がん放射線治療 質にばらつき

がん放射線治療 質にばらつき

手術や抗がん剤と並んで、がん治療の柱となっている放射線治療について、厚生労働省の研究班が全国61の病院を調べたところ、がんを専門としない病院で治療を受けた患者のおよそ半数が、重い副作用が出かねない方法で治療を受けていたり、放射線の量が足りずに再発の危険にさらされていたりするなど、治療の質に大きなばらつきのあることがわかりました。

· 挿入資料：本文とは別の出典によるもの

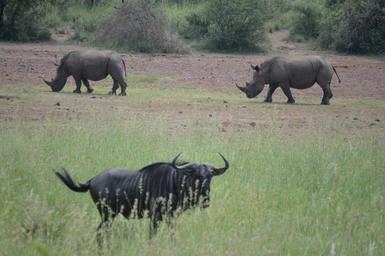 Keywords: rhino wildebeest safari wild africa nature rhinoceros wildlife

この調査を行ったのは、京都大学の光森通英准教授の研究班で、平成15年からの3年間に、全国61の病院で放射線治療を受けたがん患者2800人余りを対象に、治療が適切だったかどうかを調べました。その結果、大学病院など専門の医療機関では、子宮けいがんの患者の9割が、大腸やぼうこうを傷つけないよう、体の中から放射線を当てる方法で治療を受けていましたが、がんを専門としない病院では、患者の半数にしかこの方法が採られておらず、大腸からの出血がひどくなったり、尿が出なくなったりするなどの副作用の危険にさらされていたということです。また、前立腺がんの治療では、がんを専門としない病院で治療を受けた患者の6割が、がんを殺すのに必要な放射線よりも少ない量で治療を受け、がんの再発を防げていないおそれのあることがわかりました。光森准教授は「高度な医療機器の整備が進む一方で、病院によっては、治療のレベルが十分でない実態がある。専門の医師や放射線技師の養成を進めるとともに、現場の医師が最新の治療法を学ぶことが必要だ」と話しています。